Activity:
Everything from the line with "為幫助廣大考生更清晰的了解今" to the final line of the entries, both included, should be restated word for word; please omit the pictures.

Exercise data:

[Start of Attachment]

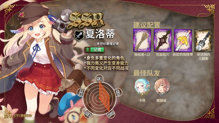 全新SSR店员-本世纪最强记者·夏洛蒂登场!职业:剑cv:香坂まゆ从开服以来一直在各处出没,力量异常强大的神秘记者。乍看之下是个纯真可爱的少女,实际上却是个为了人气不择手段,喜欢欣赏别人被愚弄的样子的狠角色!每天都为了垄断整个新闻业界而四处努力着。拥有着「记者」定位的夏洛蒂,有着足以扭转战场局面的强力奥义技能,能够变身三种不同的型态,灵活对应不同的战况。而夏洛蒂的助手「米米」亦会出现在主人
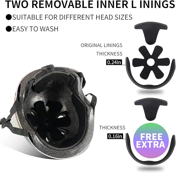 Adjustable Color Gradient Skateboard Helmet for 3-5-8-14+Ages【Toddler Kids Youth Adult】 Girls Boys Woman.Bike Helmet for Multi-Sports Cycling Bicycle Scooter Inline Roller Skate Rollerblading
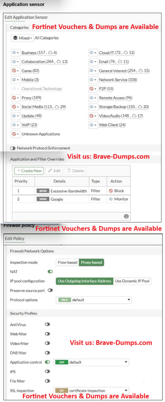 You have implemented the application sensor and the corresponding firewall policy as shown in the exhibits. You cannot access any of the Google applications, but you are able to access www.fortinet.com. Which two actions would you take to resolve the issue? (Choose two answers)
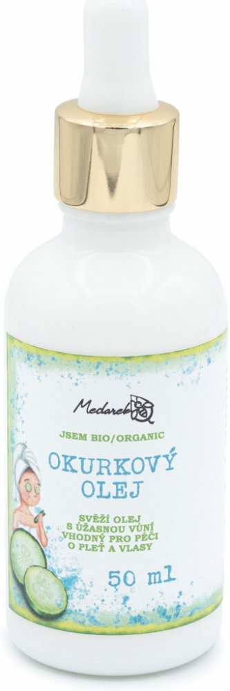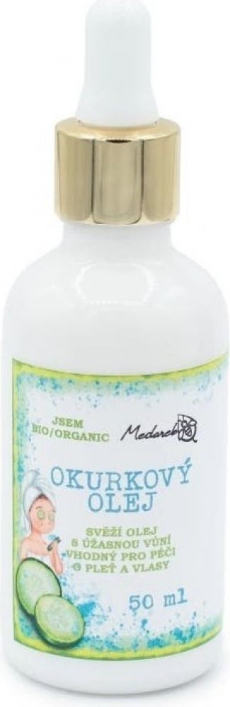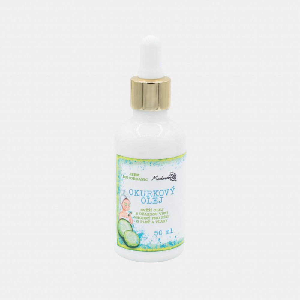 Olej ze semen Okurky seté vás ohromí svou svěží vůní a rychlou vstřebatelností. Okurka má silné antioxidační vlastnosti, proto se dávají plátky okurky na oči při potřebě zmírnit kruhy pod očima. Olej díky vysokému obsahu přírodních tokoferolů a fytosterolů podporuje regeneraci buněk, je tedy velmi vhodný pro pleť zralou, spálenou od slunce či problémovou. Ocení jej však i ženy s bezproblémovou pletí.
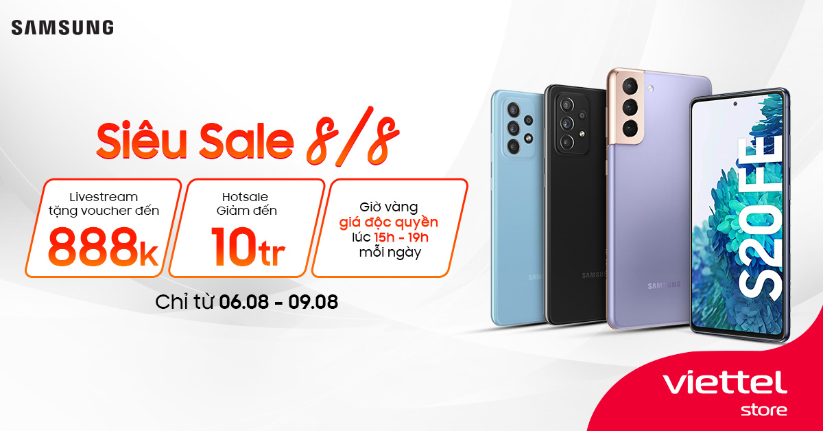 Theo đó, tại những nơi không áp dụng biện pháp giãn cách xã hội, Samsung siêu Sale 8.8 là chương trình tổng hợp giữa Hot Sale, Giờ vàng giá sốc và Livestream. Cụ thể, từ 6/8 đến 9/8/2021, Viettel Store ưu đãi giảm đến 9.000.000đ áp dụng với các sản phẩm: Galaxy S21 series 5G, Galaxy A52, Galaxy A72, Galaxy A32, Galaxy A12, Galaxy S20 FE, Galaxy A22. Khi mua kèm gói cước Viettel, khách hàng được ưu đãi thêm 1.000.000đ, nâng tổng ưu đãi tới 10.000.000đ.
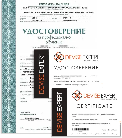 * Devise Expert е лицензиран от Националната агенция за професионално образование и обучение(НАПОО). Издаваните удостоверения са признати в България и валидни в Европейския съюз
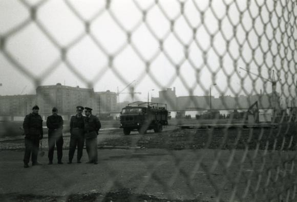 Border patrol officers in the border strip at Potsdamer Platz, which served as a new border crossing as of November 12, 1989
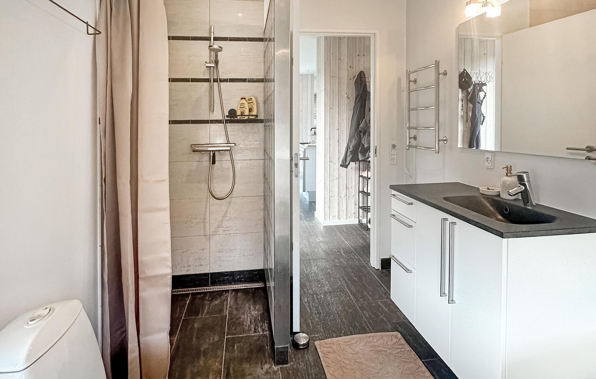 Vom Haus aus haben Sie direkten Zugang zum Strand. In der Nähe gibt es Stege und Molen, so dass Sie leicht ins tiefere Wasser gehen oder Ihre Angelrute in den Fjord auswerfen können. Sie können sich am Strand entspannen, während die Kinder im Sand spielen. Es gibt ein breites Angebot an Wassersportaktivitäten wie SUP-Boarding, Wind- und Kitesurfen. Die Gegend ist auch ideal für Wanderungen und Radtouren, bei denen Sie die Küste und die Fjordlandschaft erleben können.
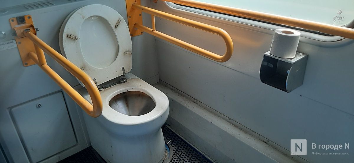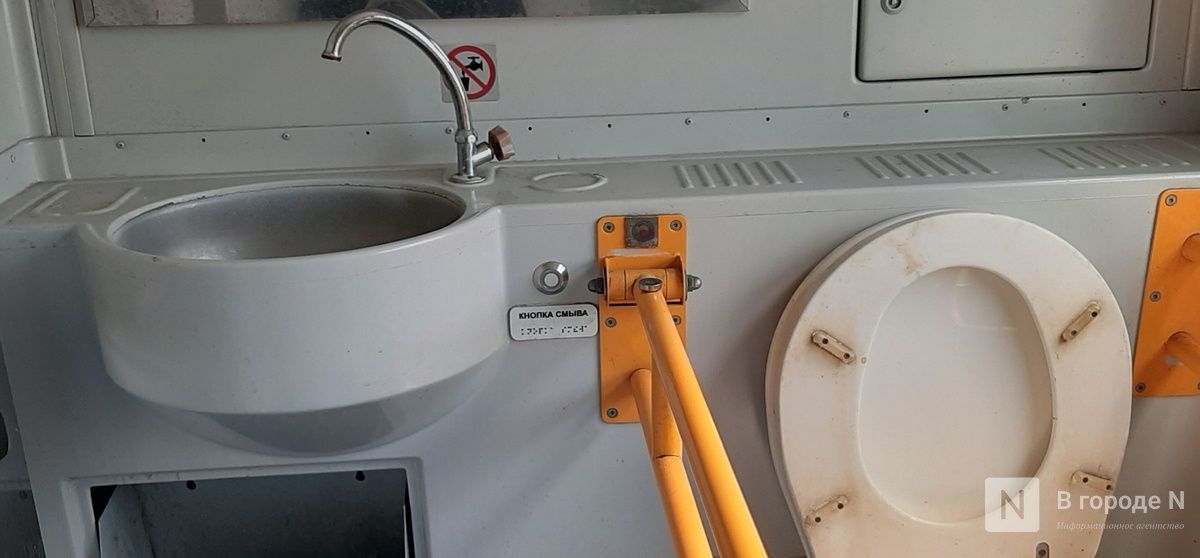 Безусловно, новая электричка оказалась более комфортной. В вагонах чисто, сидения удобные. В тамбурах установлены контейнеры для раздельного сбора мусора. Даже уборная выглядит вполне достойно: запах почти не ощущается, есть мыло и туалетная бумага. Правда, дверь заедала, и чтобы открыть ее и заглянуть внутрь, пришлось прибегнуть к помощи стоящего рядом мужчины.
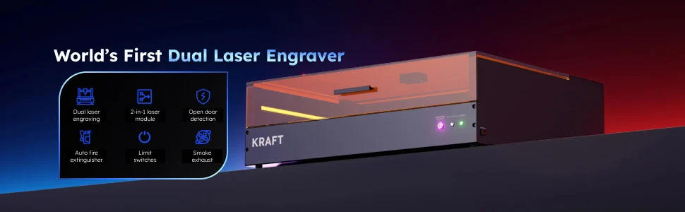 AtomStack Kraft er verdens første lasergraverer med doble lasere. Den er en avansert laserkutter utviklet for brukere som ønsker maksimal fleksibilitet i én og samme maskin. Med både en kraftig 20 W diode-laser og en presis 1,2 W IR-laser kan du jobbe med et langt bredere spekter materialer enn med tradisjonelle diodebaserte systemer.
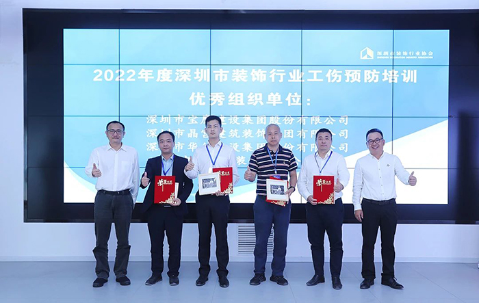 啟動會中,深圳市裝飾行業(yè)協(xié)會對2022年度工傷預(yù)防項目進行總結(jié),部署規(guī)劃了2023年度工傷預(yù)防項目工作,表彰了在2022年度工傷預(yù)防培訓(xùn)活動中表現(xiàn)突出的單位(四家)和個人(六人)。其中,寶鷹集團獲得優(yōu)秀組織單位稱號,來自寶鷹集團的曾山峰、汪峰獲得優(yōu)秀講師稱號。
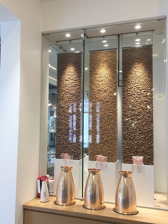 A vertical coffee bean display combines practicality with visual appeal by mounting clear acrylic tubes on your wall. The transparent containers showcase different varieties of coffee beans while keeping them easily accessible for brewing. The vertical arrangement creates an artistic focal point that maximizes space and adds a professional touch to any coffee station.
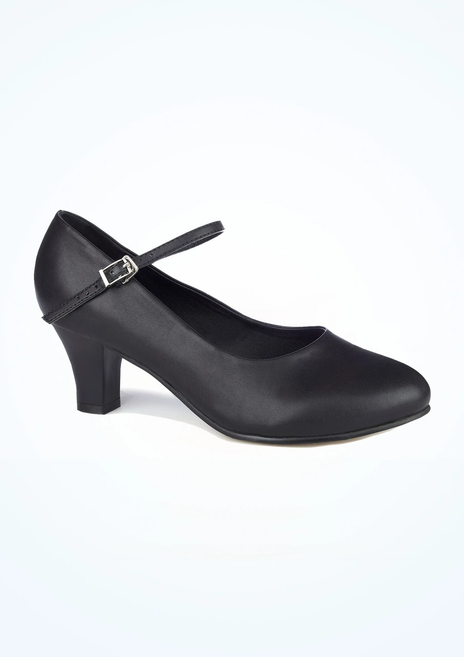 From the Move collection, a 2” heel character shoe in breathable synthetic leather – Super PU! Ankle strap with buckle fastening, a flexible resin sole, and a cushioned instock for extra comfort. Great for moderate levels of dance or stage work.
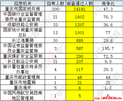 為幫助廣大考生更清晰的了解今日報名情況,整理了重慶市招錄機關的招錄情況,供廣大考生參考:
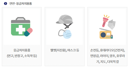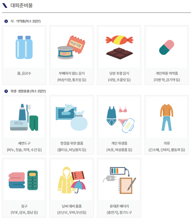준비물- 비상식량, 음료수, 손전등, 건전지, 성냥, 라이터, 휴대용라디오, 비상의류, 속옷, 병따개, 화장지, 수건, 구급용품, 귀중품(현금/보험증서), 안경 등(생활용품), 생리용품, 종이기저귀

[End of Attachment]

Response:
 為幫助廣大考生更清晰的了解今日報名情況,整理了重慶市招錄機關的招錄情況,供廣大考生參考:
준비물- 비상식량, 음료수, 손전등, 건전지, 성냥, 라이터, 휴대용라디오, 비상의류, 속옷, 병따개, 화장지, 수건, 구급용품, 귀중품(현금/보험증서), 안경 등(생활용품), 생리용품, 종이기저귀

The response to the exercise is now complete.